It’s all great fun. But some of us would like to participate in more structured programs and possibly contribute data to professional astronomers. A number of organizations around the world can tutor us in observational techniques and data collection. Others can take what we find and use it to advance a particular astronomical field. Let’s take a look at 11 of these organizations based in the United States, and learn a little about their history, what they do, and what you can learn from them and contribute to them.
The AAS is a professional organization whose members are actively engaged in astronomy or a related field of science. Several American astronomers, chief among them George Ellery Hale, founded the AAS in 1899. It is divided into six divisions, such as the Division for Planetary Sciences and the Solar Physics Division, because most professionals specialize in one specific astronomical field.
In partnership with the Astronomical Society of the Pacific, AAS members educate both newly minted astronomers and the general public. The AAS had a strong presence leading up to the 2017 United States total solar eclipse, and in collecting and analyzing amateurs’ eclipse images and data.
The organization holds two main conferences a year, and its divisions put on additional meetings. The AAS produces five professional journals, including The Astrophysical Journal.
Amateur astronomer William Tyler Olcott started the AAVSO in 1911, two years after attending a talk about variable stars given by the longtime director of Harvard College Observatory, Edward Charles Pickering. The AAVSO collects variable star data through observations made mostly by the amateur astronomy community. This information allows the organization to construct well-documented light curves that depict variations in star brightness, and those data are made available to professional and amateur astronomers worldwide.
The AAVSO’s current database contains more than 20 million variable star brightness estimates. About 2,000 amateurs and professionals contribute observations each year.
In addition to boasting a strong observational program, the AAVSO engages in educational and public outreach activities. The National Science Foundation has awarded the organization two grants to conduct citizen astronomy — non-scientists collecting and analyzing observations.

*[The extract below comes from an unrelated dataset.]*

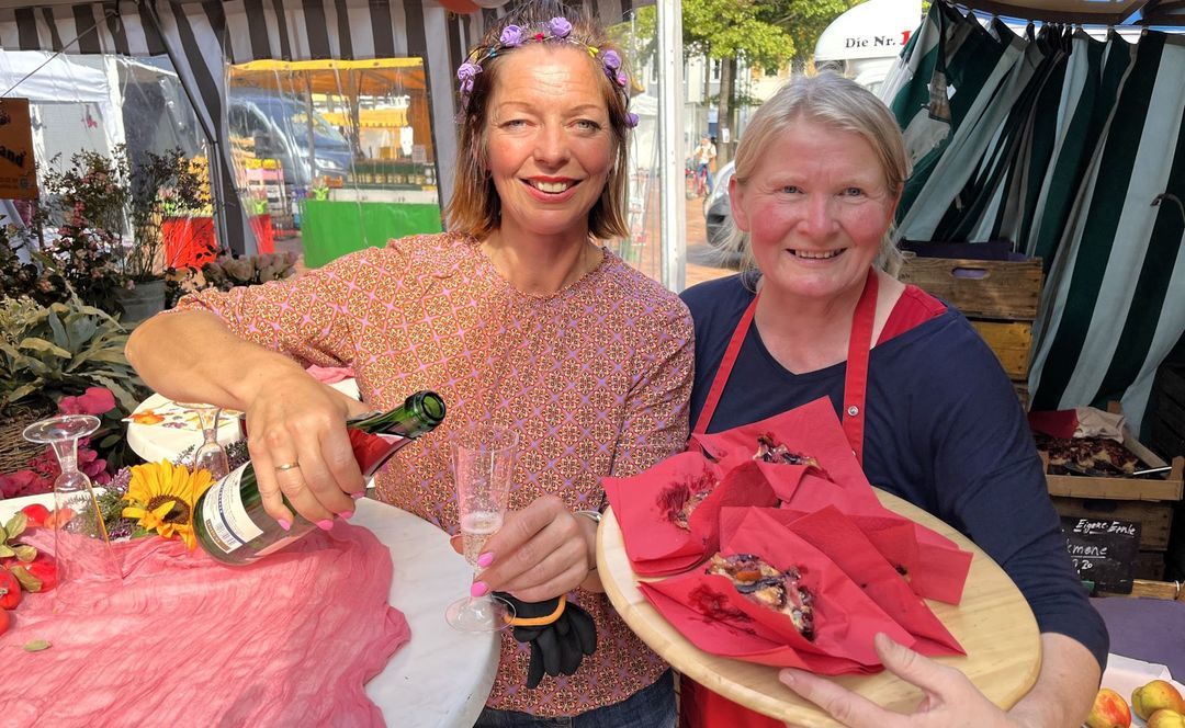 Bei Simone Micheel und Ingrid Holst gab es Sekt und Pflaumenkuchen für die Kunden. Foto: cb

The group usually holds two meetings a year, in spring and fall. It publishes the Journal of the American Association of Variable Star Observers (JAAVSO), and on AAVSO’s website, you can find guides on visual observations, CCD and DSLR imaging, and more. Many AAVSO publications have been translated into other languages, cementing the organization’s international reach.

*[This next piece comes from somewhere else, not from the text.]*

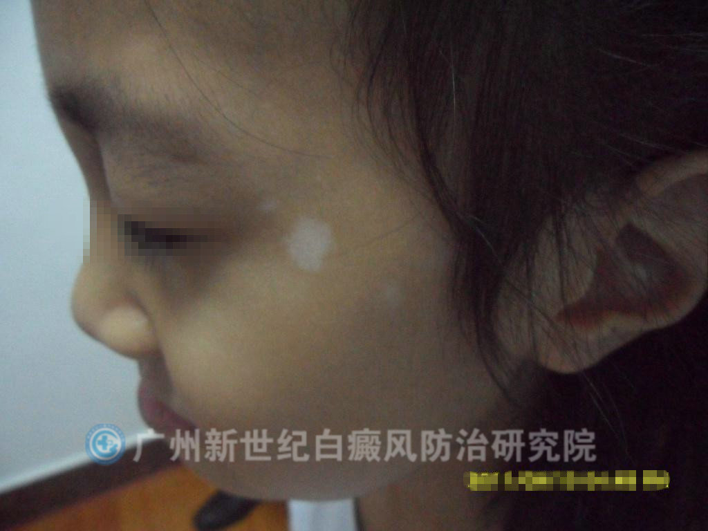 ▲病史:据患者介绍,患者自小体弱多病,免疫力低下、经常感冒、有轻微甲亢。自8岁时脸部出现黄豆般大白斑,开始家人并未重视,后来发现额头及耳根部位也出现白斑,而且范围逐渐扩大,起初使用药膏涂抹,但是并未消除白斑,反而越来越严重,遂到医院就诊。

The AMS, founded as an AAS offshoot by Charles P. Olivier at the Leander McCormick Observatory in 1911, coordinates the efforts of both amateur and professional astronomers interested in meteor astronomy. For several years, Olivier published catalogs of hourly meteor rates based on observations by AMS members. The group collects observations on sporadic (random) meteors, meteor showers, fireballs and bolides, and phenomena related to meteors. It also collects radio meteor data and encourages meteor spectroscopy.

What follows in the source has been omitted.